Personal details
- Born: David L. Mercer 29 March 1961 Sausalito, California
- Died: 9 December 2021 (aged 60)
- Party: Democratic
- Education: Duke University, Principia College (BA

= David Mercer (political commentator) =

American and international political consultant (1961–2021)

David L. Mercer (March 29, 1961 – December 9, 2021) was an American political strategist, fundraiser and commentator who appeared regularly on Fox News, France24, SkyNews and other national and international media outlets. He was a longtime member of the Democratic Party.

==Early life==
Mercer was born on March 29, 1961, in Sausalito, California. In 1979, he graduated from Milton Academy in Massachusetts. He attended Duke University for three years, and finished his final year and received a Bachelor of Arts degree from Principia College, majoring in political science.

==Career==
Mercer founded Mercer and Associates, a Washington, D.C.–based consulting firm. During his career, he served in numerous media, fundraising and strategic advising roles. In 1992, he did press advance work for the Clinton/Gore campaign. He had served as deputy national finance director for the Democratic National Committee.
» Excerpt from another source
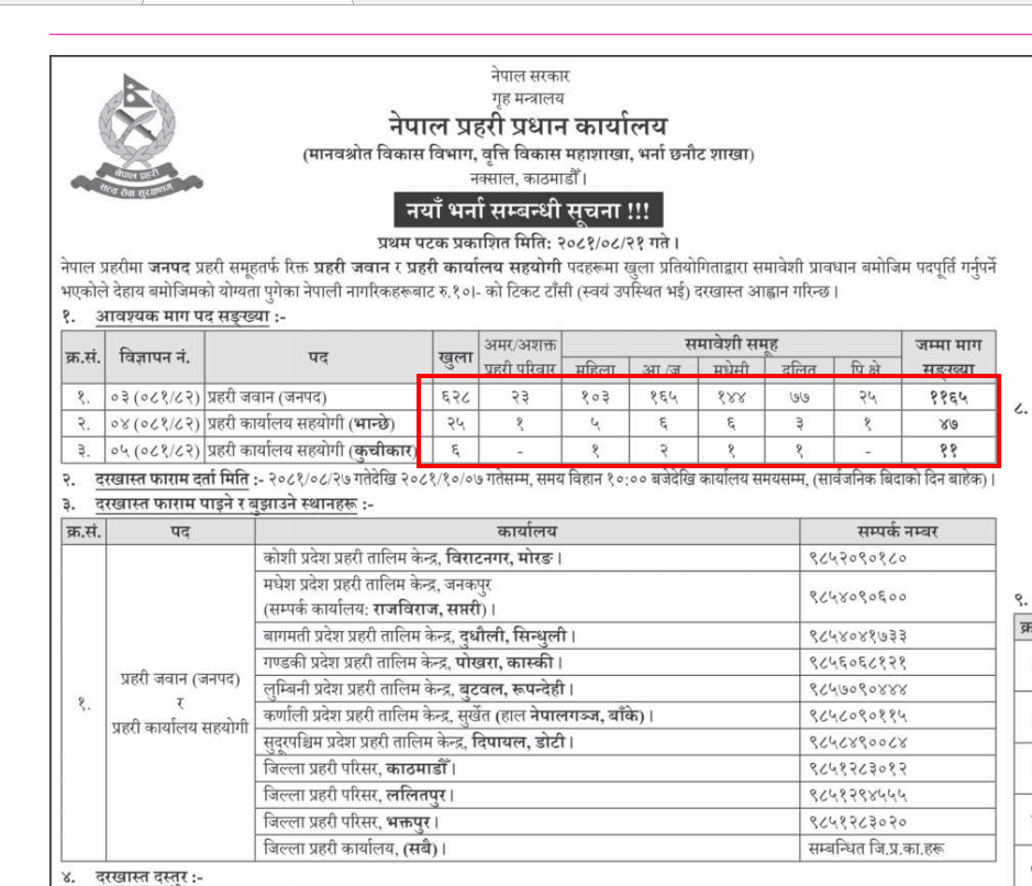 नेपाल प्रहरीमा प्रहरी जवान सहित (१२२३ संख्यामा) नयाँ भर्ना सम्बन्धी सूचना
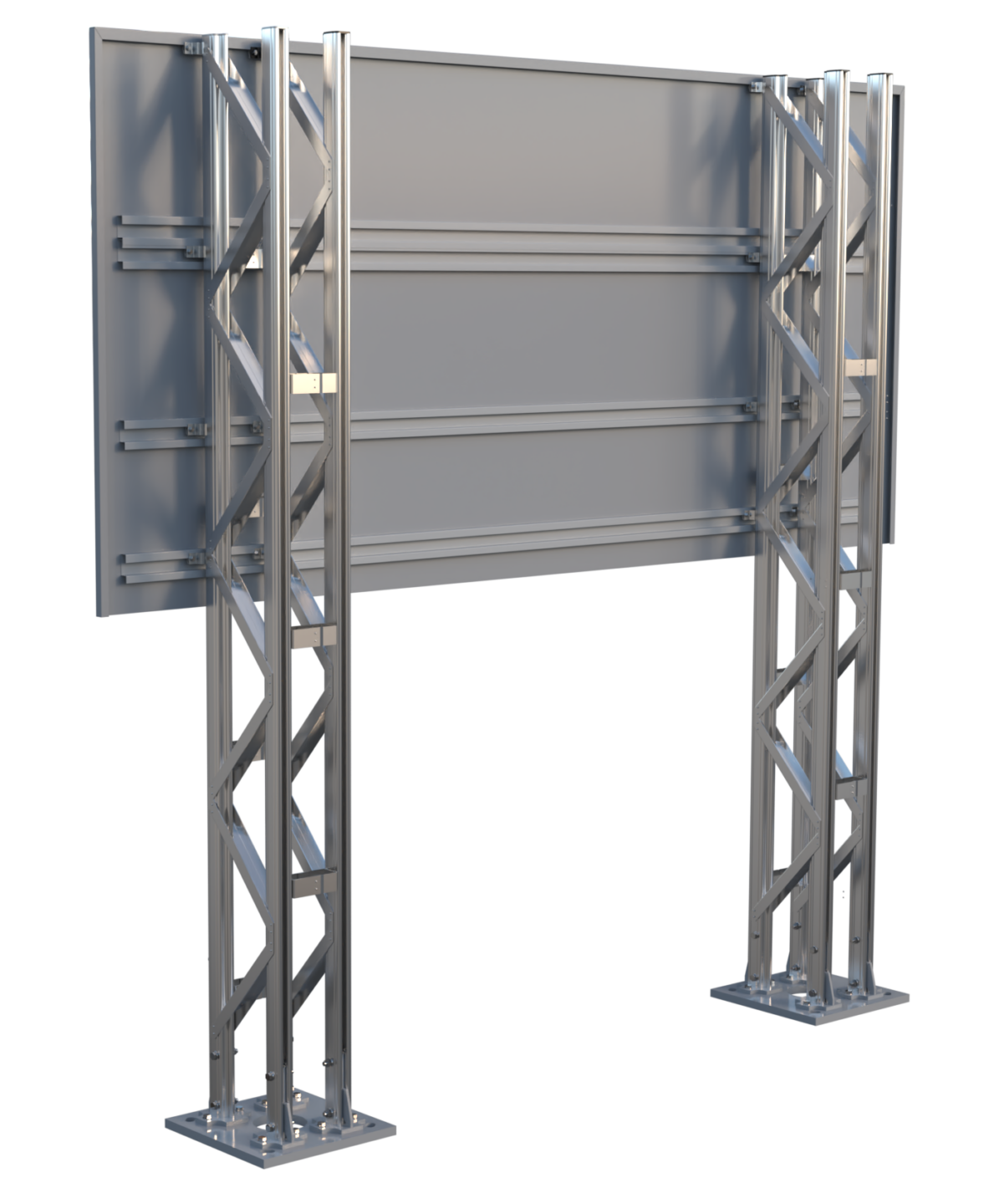 Konstrukcje umożliwiają montaż różnej wielkości tablic i znaków, sprawdzając się zarówno jako słupy boczne, jak i elementy składowe bramownic czy wysięgników.

In 1996, he was finance director for the DNC's convention. In 2000, he was a trustee for the Gore/Lieberman campaign.

In 2004, he was a member of the Kerry/Edwards campaign leadership council. In 2008, he was a media adviser for the Hillary Clinton presidential campaign.

He appeared regularly on Fox News, CNBC, France24, SkyNews and other media outlets.

In July 2012, Mercer was the victim of theft and a vicious assault in Washington, D.C. that left him near death. He suffered a brain injury, and spent several weeks in a medically induced coma and several months in the hospital before making a full recovery.

==Death==
Mercer died in December 2021, at the age of 60, following an affliction with cancer. Former President Bill Clinton and former Secretary of State Hillary Clinton released a joint statement, saying, "David was a good and gifted man, who enriched many lives and had much more to give. We hope we can all work to be a little more like him."